Over 40,000 Cisco IOS XE devices infected with backdoor using zero-day

More than 40,000 Cisco devices running the IOS XE operating system have been compromised after hackers exploited a recently disclosed maximum severity vulnerability tracked as CVE-2023-20198.

There is no patch or a workaround available and the only recommendation for customers to secure the devices is to “disable the HTTP Server feature on all internet-facing systems.”

Networking gear running Cisco IOS XE includes enterprise switches, industrial routers, access points, wireless controllers, aggregation, and branch routers.

Tens of thousands of Cisco devices exposed

Initial estimates of breached Cisco IOS XE devices were around 10,000 and the number started growing as security researchers scanned the internet for a more accurate figure.

On Tuesday, the LeakIX engine for indexing services and web applications exposed on the public web said they found about 30,000 infected devices, without counting the rebooted systems.

The search relied on the indicators of compromise (IoCs) that Cisco provided to determine the successful exploitation of CVE-2023-20198 on an exposed device and revealed thousands of infected hosts in the United States, the Philippines, and Chile.

Using the same verification method from Cisco, the private CERT from Orange announced on Wednesday that there were more than 34,500 Cisco IOS XE IP addresses with a malicious implant as a result of exploiting CVE-2023-20198.

CERT Orange also published a Python script to scan for the presence of a malicious implant on a network device running Cisco IOS XE.

In an update on October 18, the Censys search platform for assessing attack surface for internet-connected devices said that the number of compromised devices it found increased to 41,983.

A precise number of Cisco IOS XE devices reachable over the public internet is difficult to obtain but Shodan shows a little over 145,000 hosts, most of them in the U.S.

Below is a screenshot with Shodan results for Cisco devices that have their Web UI accessible over the internet, using a query from Simo Kohonen, the CEO of Aves Netsec cybersecurity company.

Security researcher Yutaka Sejiyama also searched Shodan for Cisco IOS XE devices vulnerable to CVE-2023-20198 and found close to 90,000 hosts exposed on the web.

In the U.S., many of the devices are from communications providers such as Comcast, Verizon, Cox Communications, Frontier, AT&T, Spirit, CenturyLink, Charter, Cobridge, Windstream, and Google Fiber. 

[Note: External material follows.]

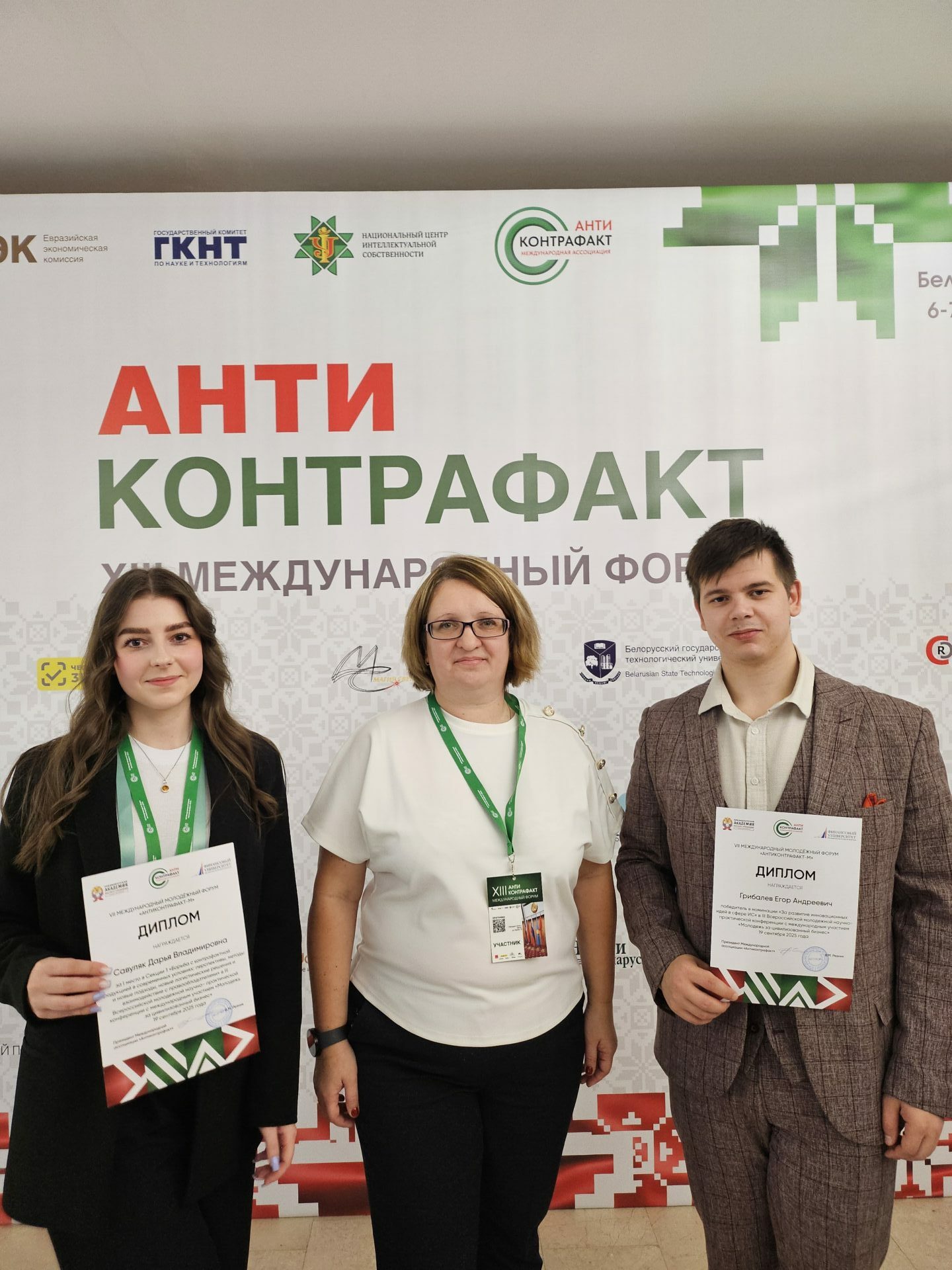6-7 октября 2025 года студенты 4 курса специальности «Таможенное дело» Савуляк Дарья и Грибалев Егор вместе с научным руководителем — доцентом кафедры таможенного дела Пластуняк Ириной Александровной, приняли участие в VII Международном молодежном форуме «Антиконтрафакт — М» в городе Минске (Республика Беларусь).

Sejiyama’s list also includes medical centers, universities, sheriff’s offices, school districts, convenience stores, banks, hospitals, and government entities with Cisco IOS XE devices exposed online.

“There is no need to expose the IOS XE login screen on the Internet in the first place,” Sejiyama told BleepingComputer, echoing Cisco’s advice of not exposing the web UI and management services to the public web or to untrusted networks.

The researcher expressed concern at this practices, saying that “organizations using the equipment in such a manner are likely to be unaware of this vulnerability or breach.” 

Risk persists after device reboot

Cisco disclosed CVE-2023-20198 on Monday but threat actors had been leveraging it before September 28, when it was a zero-day, to create a high-privilege account on affected hosts and take full control of the device.

Cisco updated its advisory today with new attacker IP addresses and usernames, as well as fresh rules for the Snort open-source network intrusion detection system and intrusion prevention system.

The researchers note that threat actors behind these attacks use a malicious implant, which does not have persistence and is removed after rebooting the device.

However, the new accounts it helped create continue to be active and “have level 15 privileges, meaning they have full administrator access to the device.”

Based on Cisco’s analysis, the threat actor collects details about the device and carries out preliminary reconnaissance activity. The attacker is also clearing logs and removing users, probably to hide their activity.

The researchers believe that behind these attacks is only one threat actor but could not determine the initial delivery mechanism.

Cisco has not disclosed additional details about the attacks but promised to offer more information when it completes the investigation and when a fix is available.